Exploration of machine learning methods for genomic selection in cattle

Abstract

Genomic selection is a method developed to help breeders select the best parents to have a progeny that exhibits good targeted characteristics. This selection is performed based on the genotype of the animals. The field of genomic selection consists of designing a model that can be trained based on a training population that is able to predict the chosen phenotypes based only on the genotypes. Machine learning is a field that has become more and more popular during the last decade. These algorithms are used to build complex models based on a large amount of data. These methods have provided very powerful models in a large variety of fields, from image segmentation to the processing of natural language. As more and more animals are genotyped, the amount of available data becomes big enough to be able to consider machine learning methods. Some architectures trained on cattle datasets were proposed in the literature, but there are still many possible algorithms to be evaluated. In this thesis, we will explore a wide range of machine learning methods from the linear Ridge regression or XGBoost to more complex neural networks, like convolutional neural networks or transformers. The objective is to find models that perform better than the state-of-the-art GBLUP linear model, and perform some experiments on the models to better understand how to apply the machine learning methods for genomic selection.
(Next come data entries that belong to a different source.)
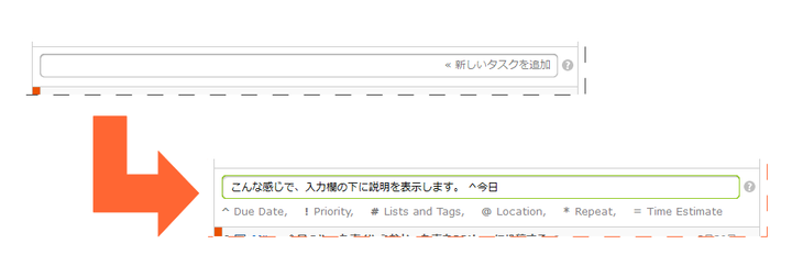 タスク管理ツール 「Remember the Milk 」 の入力欄下に、タスクの設定を入力する際に用いる文字の一覧を表示する Greasemonkey Script。 Remember the Milk には 「Smart Add」 と呼ばれる「タスクの情報を簡単に入力する為の機能」が有りますが、それに用いる文字の一覧を表示します。 最近実装された新UIには未対応です(どのように表示させるか検討中です)。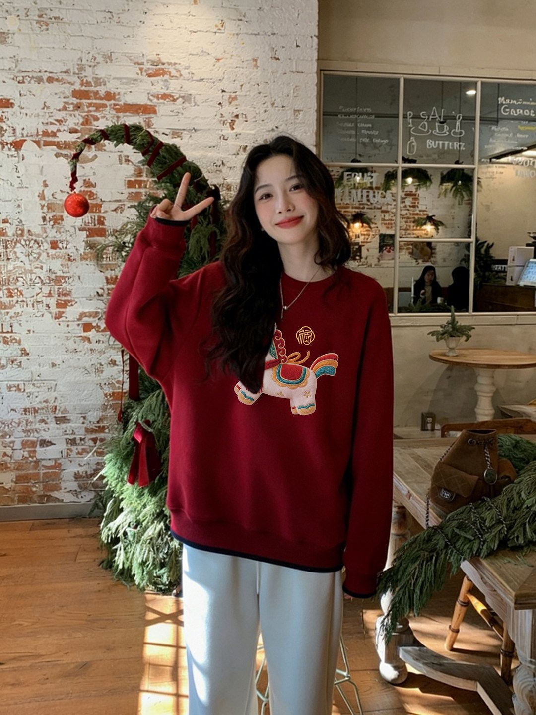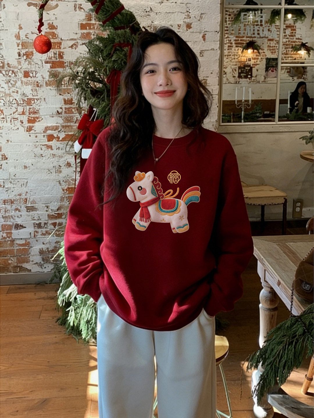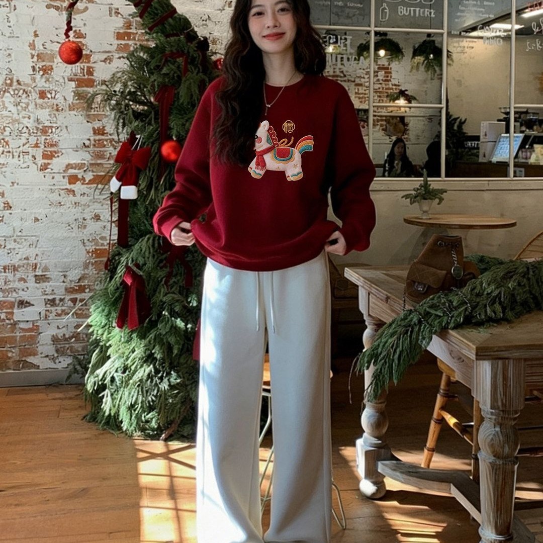 MY17473# 仿棉华棉 复合牛奶丝复合银狐绒印花情侣圆领卫衣女裝貨源服裝批發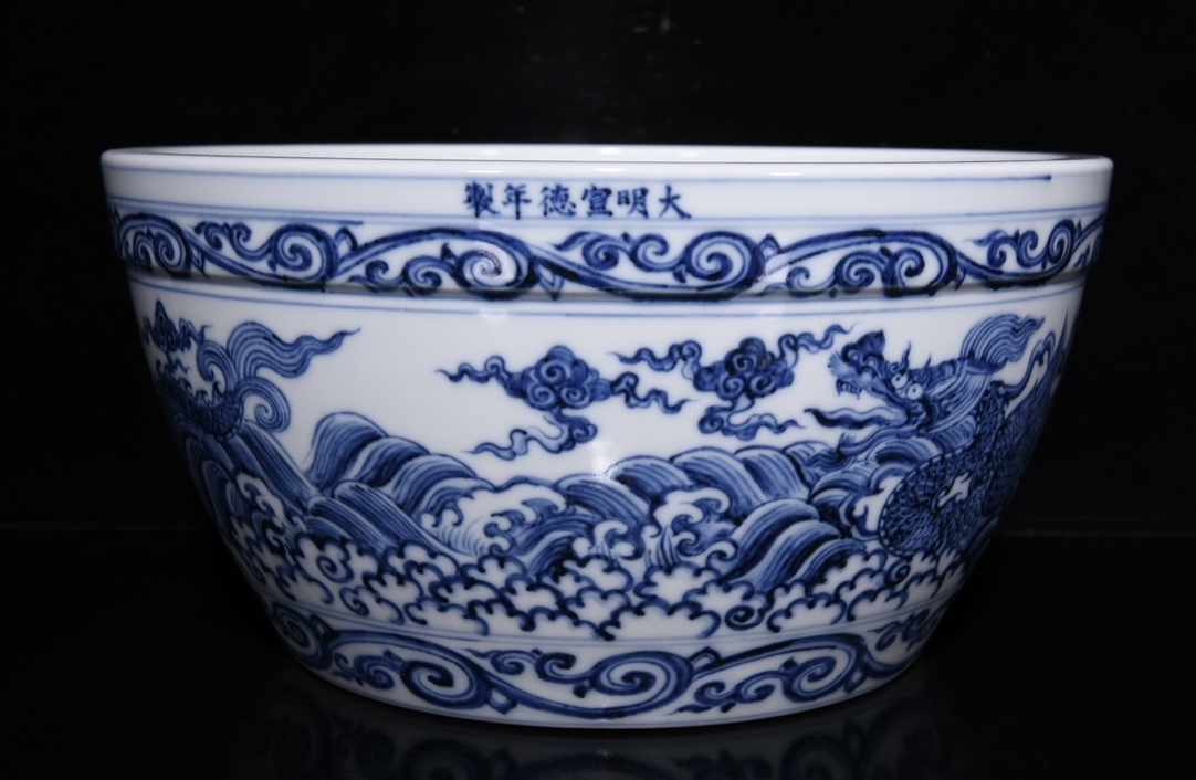 - LM114■中国古玩 唐物 明宣徳青花龍紋花鉢 時代物 極上品■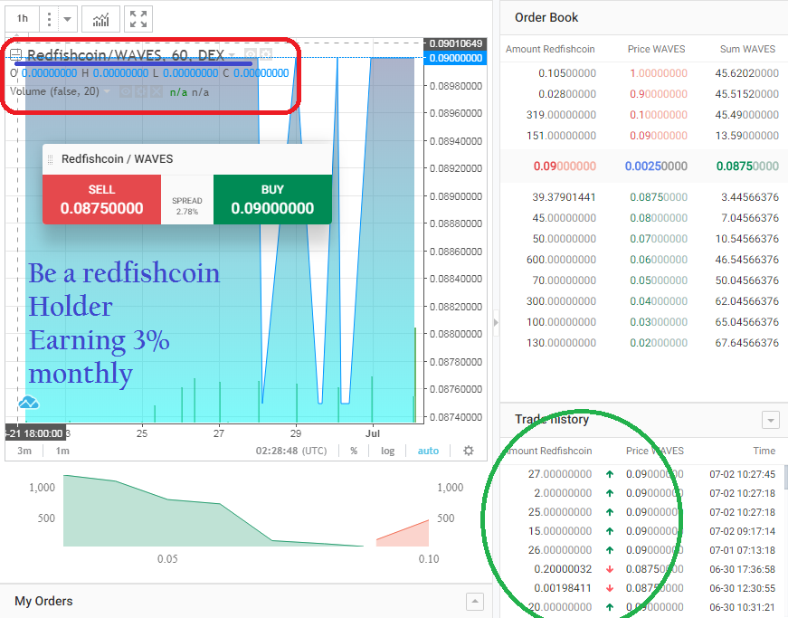 Buy Redfishcoin at 0.090 waves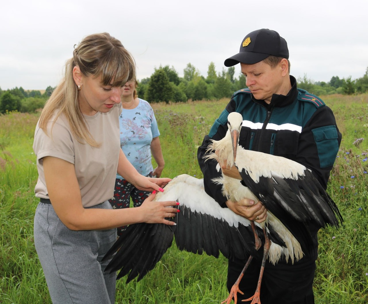 ✨Операция спасения прошла успешно. 🪽Птенца аиста, не способного летать, обнаружили местные жители в агрогородке Ордать. ✅На помощь птице пришли представители Шкловского РОЧС и райветстанции. После обследования аистенок был отправлен в Могилевский зоосад, где ему помогут встать на крыло. Подробную историю спасенного аиста читайте в районной газете.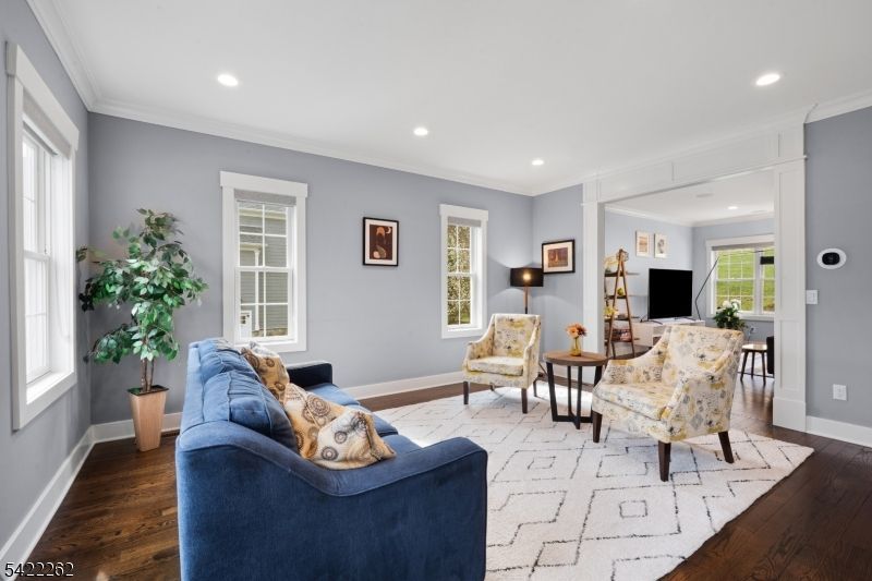 Welcome to this stunning 5-bedroom,5.5-bath Colonial offering exceptional turn-key living in the highly sought-after heart of Martinsville. Thoughtfully designed with both elegance and functionality in mind, this home delivers the perfect blend of modern sophistication and everyday comfort. Upon entry, you are greeted by a grand two-story foyer that sets the tone for the home's open layout, seamlessly flowing into a spacious formal living room and an elegant dining room-ideal for both entertaining and everyday living. The gourmet kitchen features a professional-grade gas cooktop, double ovens, wine fridge, oversized island, Quartz countertops, and a butler's pantry with a coffee bar, flowing seamlessly into a large family room with a cozy gas fireplace and large windows. A first-floor bedroom with en-suite bath provides flexibility for guests or a home office. Hardwood floors span the first and second levels, complemented by a central vacuum system. Upstairs, the expansive primary suite offers a sitting area, fireplace, large closet, and a spa-like bath with double vanity, soaking tub, and separate shower. Two bedrooms share a Jack & Jill bath, while another enjoys a private en-suite. A convenient 2nd floor laundry room adds ease. The finished basement has a full bath, entertainment space, and room for a gym or play area. Ideally located near shops, highways, top-rated schools, the airport, and NYC transit, this home blends comfort, and convenience. Cameras maybe in use.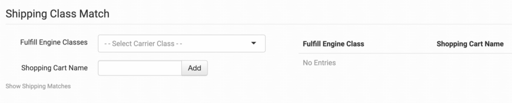 The shipping methods that you have set up in your shopping cart(s) may not match the methods that Fulfill Engine uses. To make sure your shipping preferences are sent through to Fulfill Engine with each order, match your methods to theirs in the shipping class match feature. If matches aren’t made, Fulfill Engine will use your default preferences set above.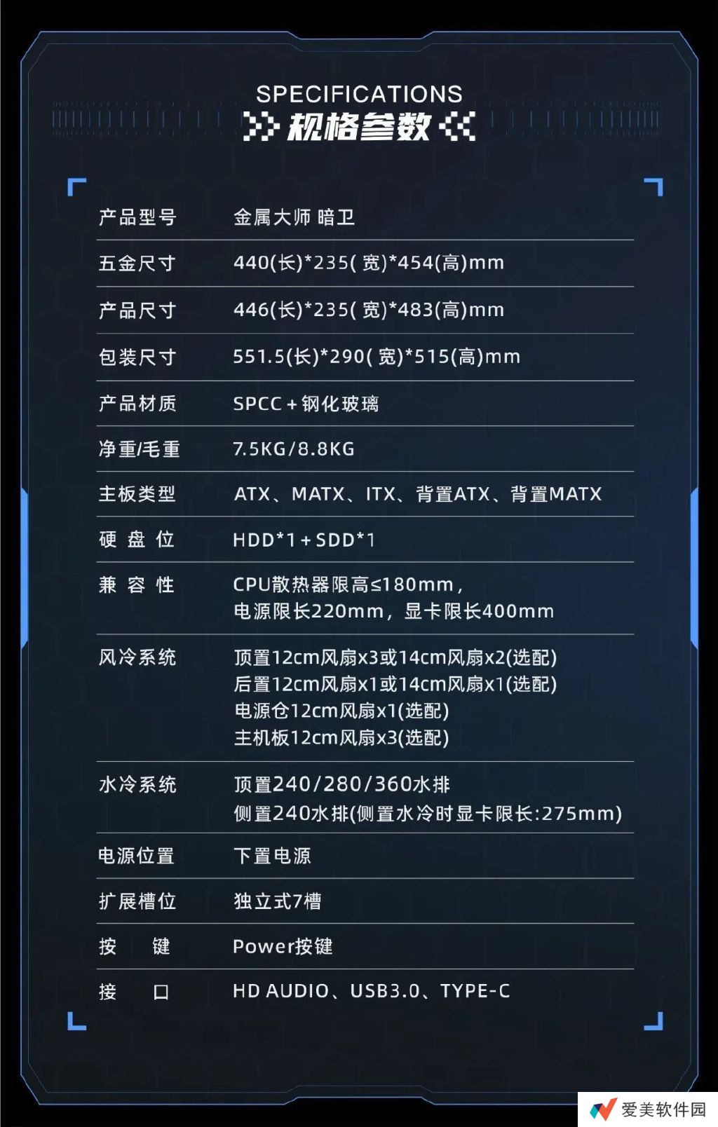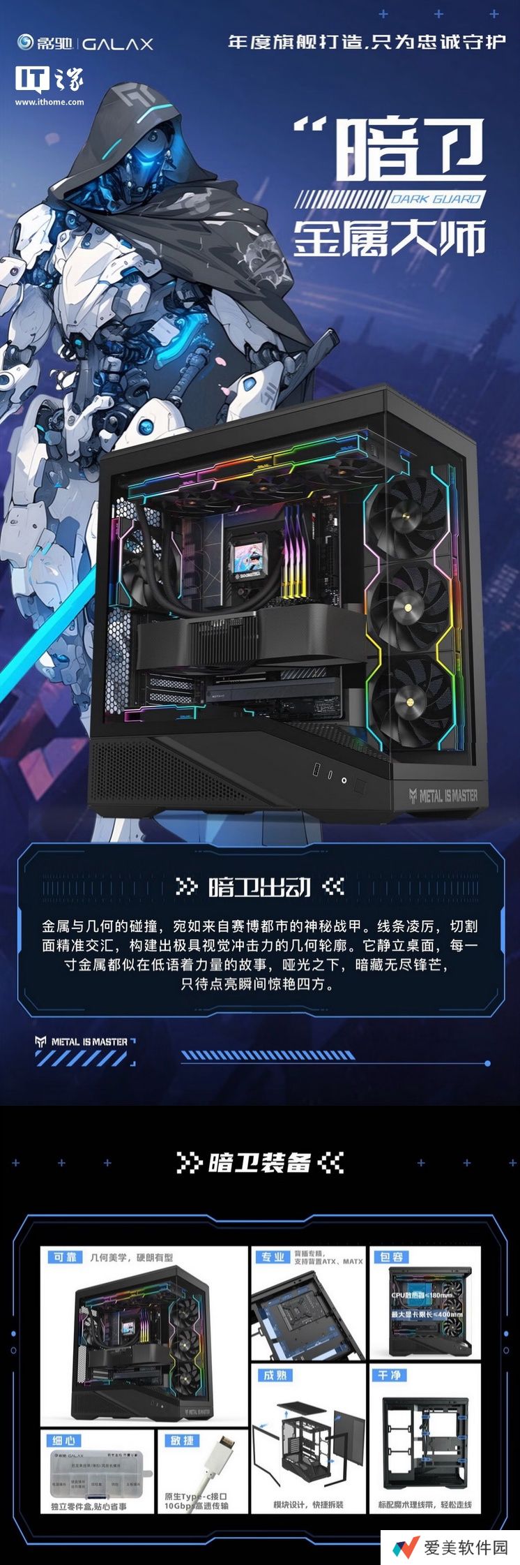 本站3 月 3 日消息,据影驰官方新闻稿,影驰旗下“金属大师暗卫”ATX 机箱现已在京东开启现货销售,这款机箱采用快拆设计,支持 360 水冷,定价为 299 元。

From all the models we have trained, no model had better performance than the GBLUP models, but some models, the MLP, the ridge regression, and the SVM, reached similar performances. The experiments also show interesting results. The usage of maximum or average pooling layers seems to decrease the performance of the convolutional neural network. Models trained to predict several phenotypes at the same time do reach the same performance as the models trained on a single phenotype, which can reduce the time required to develop a model. Indeed, only a single architecture would have to be tuned instead of one for every phenotype. The impact of the size of the training set was studied. It shows that using more data could increase the performance of the different architectures. Finally, some suggestions are proposed for future research on the usage of machine learning methods for genomic selection.